### Task statement
Transcribe the listing that follows in full, exactly, and drop its images.

### Input data
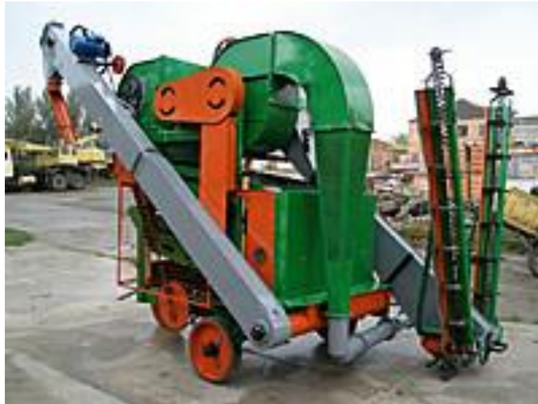
Рис. 2. Ворохоочисна машина ОВС-25

його треба негайно, щойно зерно надійде на тік. У разі затримки з очищенням зерно зволожується на 3 – 4% і більше. Очищення багато в чому убезпечує зерно й від самозігрівання. Адже домішки мають вищу вологість і заселені мікрофлорою. Ця операція здійснюється за один пропуск зерна через ворохоочисну машину (рис.2).
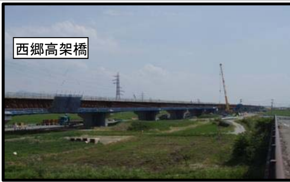
西郷地区(山形方向)

### Written answer
Рис. 2. Ворохоочисна машина ОВС-25

його треба негайно, щойно зерно надійде на тік. У разі затримки з очищенням зерно зволожується на 3 – 4% і більше. Очищення багато в чому убезпечує зерно й від самозігрівання. Адже домішки мають вищу вологість і заселені мікрофлорою. Ця операція здійснюється за один пропуск зерна через ворохоочисну машину (рис.2).
西郷地区(山形方向)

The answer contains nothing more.